The book is highly readable. The writing is crisp, entertaining and informative. The narrative is saturated with penetrating insights, theoretically‐rich observation and other elements of high scholarship without abandoning the well‐turned phrase or illuminating example from the case material.

Swartz also has her aim on the traditional literatures of moral psychology and education. One gets the sense, reading Swartz, that the traditional categories that animate scholarly discourse in moral psychology fall to pieces when coming to grips with the realities of lived experience in the townships. She makes the case for an ethnography of morality and appeals to Bourdieu's notion of capital to suggest ways that morality, poverty and social reproduction are connected. In her view a concern with moral capital shifts the discussion about what is absent in the moral lives of youth to what is present, a shift that aligns moral capital with the positive youth development movement more generally. And with this comes a new focus for moral education. Moral education is not simply a matter of developing cognitive skills or inculcating virtue, but must include a concern with the enabling environment and the moral capital of settings.

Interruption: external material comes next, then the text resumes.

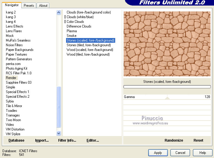 9. Effetti>Plugins>Filters Unlimited 2.0 - Render - Stones (scaled,fore-/background).

The vivid account of ikasi moral culture will invite readers to wonder how the analysis translates to other settings, a question that faces all ethnographic research. One might wonder if the book could have been written much the same way during the height of Apartheid and if undue attention is drawn to post‐conflict and post‐Apartheid ikasi culture. Put differently, is there something about the aftermath of Apartheid that is crucial to understanding the moral ecology of these youth, or could the moral ecology found here be just as likely to be evident during the height of Apartheid? In spite of the certain particularity of ikasi youth culture, many of the theoretical categories used here, from Bronfenbrenner's contextualism to Bourdieu's moral capital, would seem to have broad resonance for understanding the moral ecology of youth raised under conditions of poverty, parental absence, partial schooling and segregation and, hence, the present work is crucial for building a comparative study of moral youth culture.

This is an impressive bit of scholarship in the best ethnographic tradition. It is an academic work but not just for scholars. It is evocative, engaging and theoretically‐informed and I am confident that it will make a splash in the fields of moral development and education.